History is replete with whimsical kings and rulers who allowed no room for self-restraint, but instead gave in to the desires of their base selves; gorging on food, getting drunk with wine, sleeping with a harem full of women, spending lavishly on otherwise guilty pleasures, and, most detrimental, living routine-free. Those rulers didn’t typically spend decades on their thrones.
We all understand that it takes a lot to get to the top, but we often fail to realise that it takes even more effort to stay there. That’s why Oprah’s question would resonate with us: how can you be a queen and still be bound by a schedule? Many of us hustle to make it in life, with the dream that when we finally get to the top of whatever ladder we’re climbing, we’d relax, take things easy, and do whatever we want. But many have gotten there and come to realise that there’s an even greater price to pa, in terms of restraint, to retain that level of freedom.

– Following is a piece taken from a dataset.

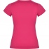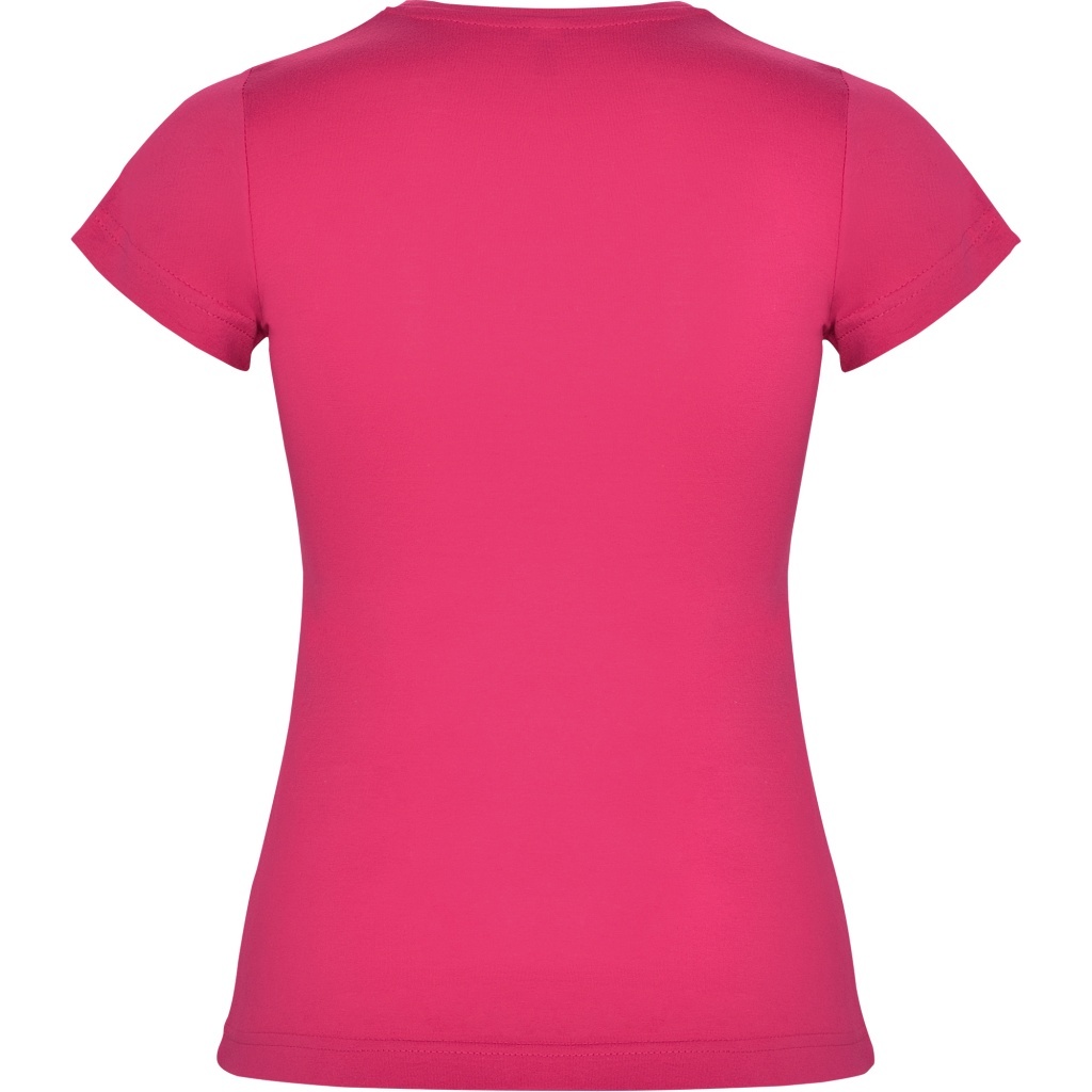 Dopasowana koszulka damska. Zaokrąglony, dwuwarstwowy ściągacz przy szyi, typowo damski fason. Wzmocnione, kryte szwy przy kołnierzyku i na ramionach, szwy boczne.

Yes, you’d have the means to do whatever you want, whenever you want, and to or with whomever you want. You may get away with it too. But those actions, one after another, only smoothen your decline right back to the bottom. It always happens gradually but would appear to be sudden, due to your self-indulgent obliviousness. A little sleep here, a little slumber there. A little folding of your hands to do nothing, and it’ll come upon you as suddenly as an armed man. At least one or two members of the Queen’s family have had that story to tell.
She had to be even more careful than the rest of us. Rising to the top in her line of work only requires being born, not much effort. So you can imagine that it’d be fitting to think that not much effort would be required to remain on top either. At least we on the outside would think that. It’s certainly what a lot of us are currently thinking about the new king, even though he’s probably being surprised anew by the enormity of the work he’s just inherited.
With great power comes great responsibility. Rising to the top of any pursuit gives you some measure of power, even if not over kingdoms and realms. Fulfilling the accompanying responsibilities is what helps you to retain that power, and remain on top. Responsibilities are not fulfilled by getting to do what you want to do. They’re fulfilled by conforming yourself to doing what you have to do. The Queen got to do what a queen has to do to remain the queen. Like a swan, seventy years on the throne may have looked graceful and elegant on top. But below, she was paddling swiftly, frantically, and consistently to stay afloat and keep her momentum. That’s what sustained success looks like — a paddling that never stops.